1. Python, data science, & software engineering
Welcome to the course "Software Engineering for Data Scientists in Python".
My name's Adam Spannbauer. I’m a data scientist from Tennessee who likes to code in both R & Python.
In this course, we'll be covering software engineering concepts that can revolutionize your Data Science workflow.
2. Why software engineering?
So why should a Data Scientist care about the principles of Software Engineering?
3. Why software engineering?
Many Data Scientists, like myself, start in the world of math & statistics.
4. Why software engineering?
And soon after, you learn that communicating these technical ideas is just as important as understanding them yourself.
5. Why software engineering?
However, many Data Scientists are self-taught programmers who see coding as a means to an end; it's just a step to create a model or run a simulation.
6. Why software engineering?
But in reality, Software Engineering is a valuable skill that needs to be learned and practiced. This course will help build your software engineering skills by introducing some very important concepts.
7. Software engineering concepts
Three topics in particular that we'll cover are modularity, documentation, and testing.
Another topic worth mentioning is Version Control. We won't be covering it in this course, but I recommend checking out the dedicated DataCamp course to learn more about this powerful tool.
Let's define each of these concepts that we'll be covering.
8. Benefits of modularity
First was modularity.
To introduce modular code lets start by defining what it's not. Non-modular code can take the form of long, complicated, hard to read scripts and functions.
Programming becomes less complex when your code is divided into shorter functional units, and this is the whole idea behind modularity.
With modular code, not only does code become more readable but it becomes easier to fix when something breaks. Additionally, modular code is easier to take along with you to your next project; which allows you to save time by avoiding re-solving problems you've already solved in a previous project.
9. Modularity in python
We can write modular code in python by leveraging packages, classes, and methods.
In this example code, we import the pandas package. We create a new object using the powerful DataFrame class from pandas.

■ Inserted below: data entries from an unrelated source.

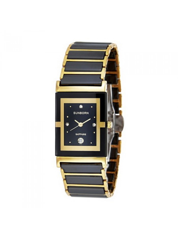 Men's black ceramic, 2-tone watch with stainless steel case,Swarovski crystal hour markers on black dial, date window at 6 o'clock marker
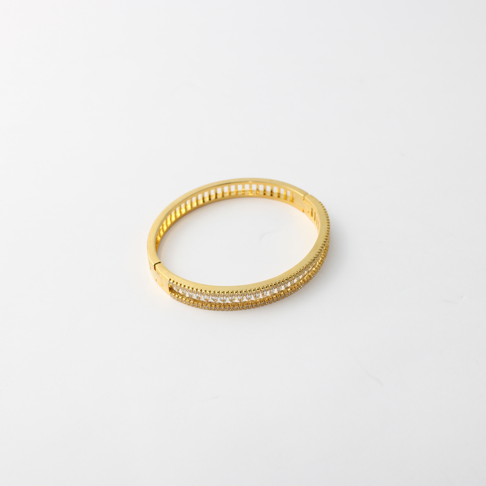 Fabricado com metal de alta resistência e acabamento impecável, o bracelete possui um sistema de fechamento lateral por dobradiça, proporcionando segurança e facilidade ao vestir. O design vazado na parte interna garante leveza e conforto durante o uso prolongado. É o acessório indispensável para compor looks de festa, eventos formais ou para elevar produções casuais com elegância instantânea.
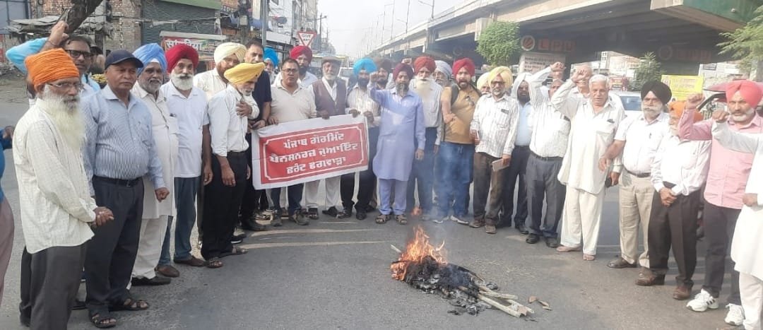 ਫ਼ਗਵਾੜਾ:30ਅਕਤੂਬਰ (ਐਸ . ਕੇ. ਕਪੂਰ) ਸ.ਭਗਵੰਤ ਸਿੰਘ ਮਾਨ ਦੀ ਪੰਜਾਬ ਸਰਕਾਰ ਦੇ ਮੁਲਾਜ਼ਮ ਅਤੇ ਪੈਨਸ਼ਨਰ ਵਿਰੋਧੀ ਵਤੀਰੇ ਦੇ ਖਿਲਾਫ਼ ਪੰਜਾਬ ਮੁਲਾਜ਼ਮ ਅਤੇ ਪੈਨਸ਼ਨਰ ਸਾਂਝਾ ਫਰੰਟ ਦੇ ਵੱਲੋਂ ਦਿੱਤੇ ਗਏ ਸੱਦੇ ਅਨੁਸਾਰ ਅੱਜ ਨਗਰ ਨਿਗਮ ਫ਼ਗਵਾੜਾ ਦੇ ਦਫ਼ਤਰ ਦੇ ਸਾਹਮਣੇ ਪਾਰਕ ਵਿੱਚ ਇਕੱਠੇ ਹੋ ਕੇ ਮੁਲਾਜ਼ਮਾਂ ਅਤੇ ਪੈਨਸ਼ਨਰਾਂ ਨੇ ਜ਼ੋਰਦਾਰ ਨਾਅਰੇਬਾਜ਼ੀ ਕਰਦੇ ਹੋਏ ਹੰਸ ਰਾਜ ਬੰਗੜ,ਮੋਹਣ ਸਿੰਘ ਭੱਟੀ, ਪਰਮਿੰਦਰ ਪਾਲ ਸਿੰਘ, ਹਰਸਿਮਰਨ ਸਿੰਘ, ਗੁਰਮੁਖ ਲੋਕ ਪ੍ਰੇਮੀ ਦੀ ਅਗਵਾਈ ਹੇਠ ਝੂਠਾਂ ਦੀ ਪੰਡ ਮੁੱਖ ਮੰਤਰੀ ਪੰਜਾਬ ਭਗਵੰਤ ਸਿੰਘ ਮਾਨ ਦਾ ਪੁਤਲਾ ਗੋਲ ਚੌਕ ਵਿੱਚ ਜਾ ਕੇ ਫੂਕਿਆ ਗਿਆ।
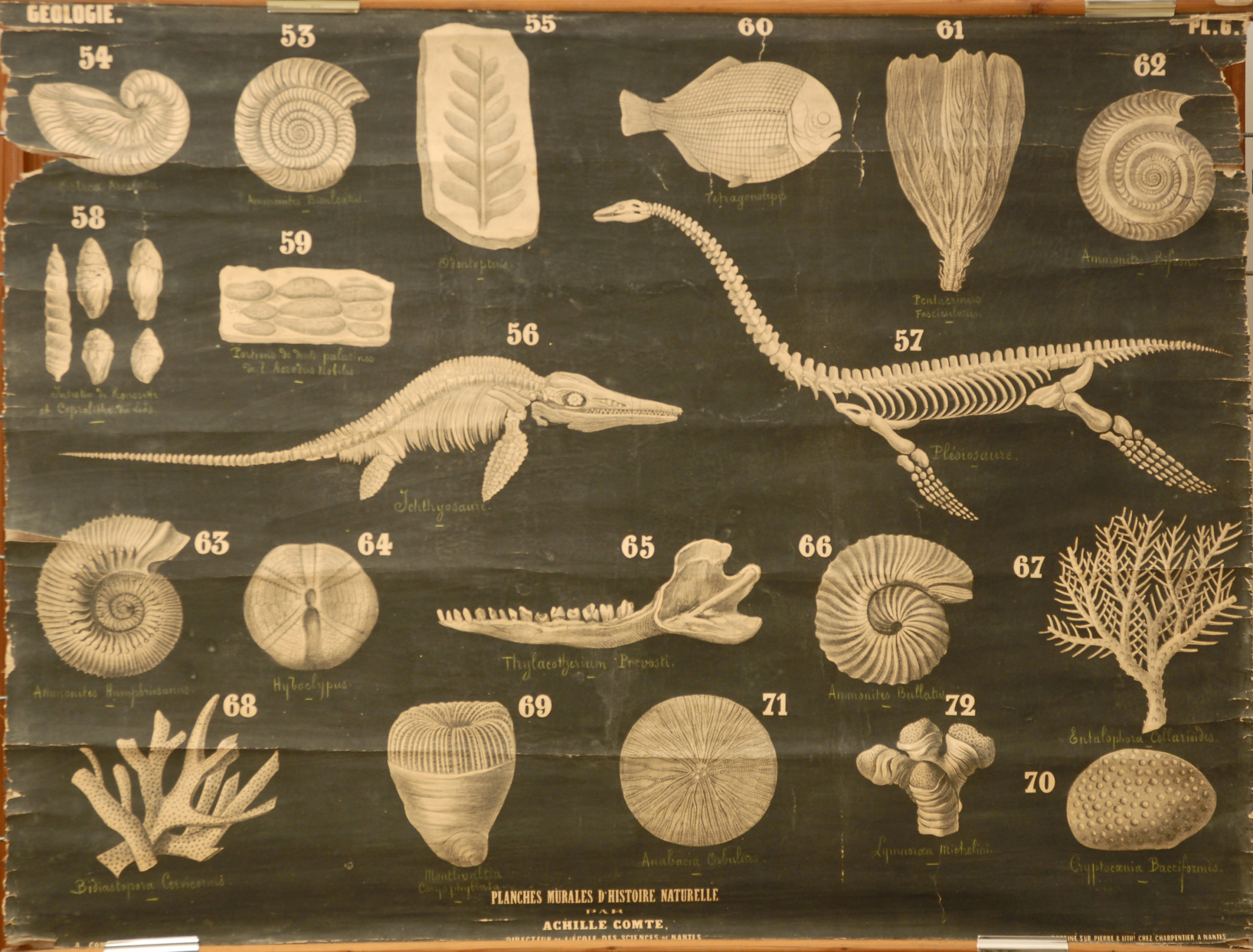 54 Gryphea arcuata- 53 Ammonites bisulcatus- 55 Odontoptéris Cycadea- 56 Ichtyosaurus communis – 57 Plesiosaurus dolichodeirus-58 Intestin de Roussette et coprolites-60 Tetragonolepis (restauré)-61Pentacrinus fasciculosus-62 Ammonites bifrons.

Finally, we use the convenient plot method that comes built into the DataFrame class.
Later in this course, you'll write a fully functional python package using all these concepts to perform text analysis.

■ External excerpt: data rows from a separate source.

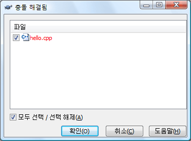 충돌을 해결할 파일이 나옵니다. hello.cpp만 선택했으므로 hello.cpp 만 나옵니다. 충돌한 파일이 여러개일 때에는 여러 파일이 표시됩니다.
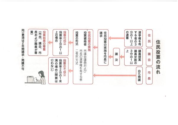 住民投票とは、市や市民に大きな影響のある事柄について、直接住民にその意思を問うことを言います。
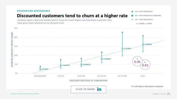 The temptation in a recession is to go all in on discounts to get more people through the door. But here’s the problem: discounts over 20% *double* churn rates.
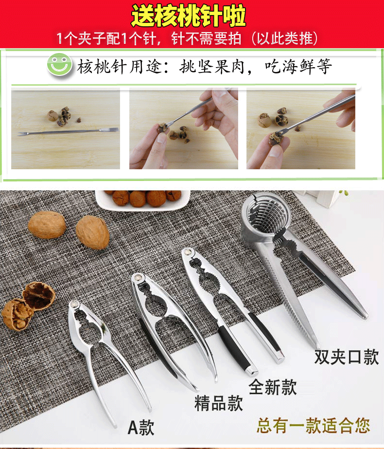 Weixi Walnut Clamps, Pine Nuts and Hazelnut Pliers, Shelling and Opening Nut Clamps, Walnut Peeling Tools, Walnut Nut Pliers, Double Mouth Model + Brand New Model + Walnut Needle

10. Benefits of documentation
If you work on a team or if you ever publish a project, then other people will need to read your code, and sometimes, the other person is just future you. Both future you and other people will have an easier time reading your project if you use good documentation practices.
In this course, we'll cover how to use comments, docstrings, and self-documenting code to document your Data Science python projects. A project using all these techniques can save a lot of confusion and frustration for everyone who touches the code.
11. Benefits of automated testing
The last software engineering concept we'll touch on is testing. One thing everyone learns is that people make mistakes. That's why pencils have erasers, why computers have spellcheck, and why software needs tests.
Often times data scientists will write some code, test it in the console once, and then never test it again. It's definitely worthwhile to perform these manual tests, but leveraging tools like the pytest package can automatically run and re-run your tests to ensure your code is working as intended even after adding new functionality.
12. Let's Review
Ok, we went over some pretty big topics. Let's do some exercises to review.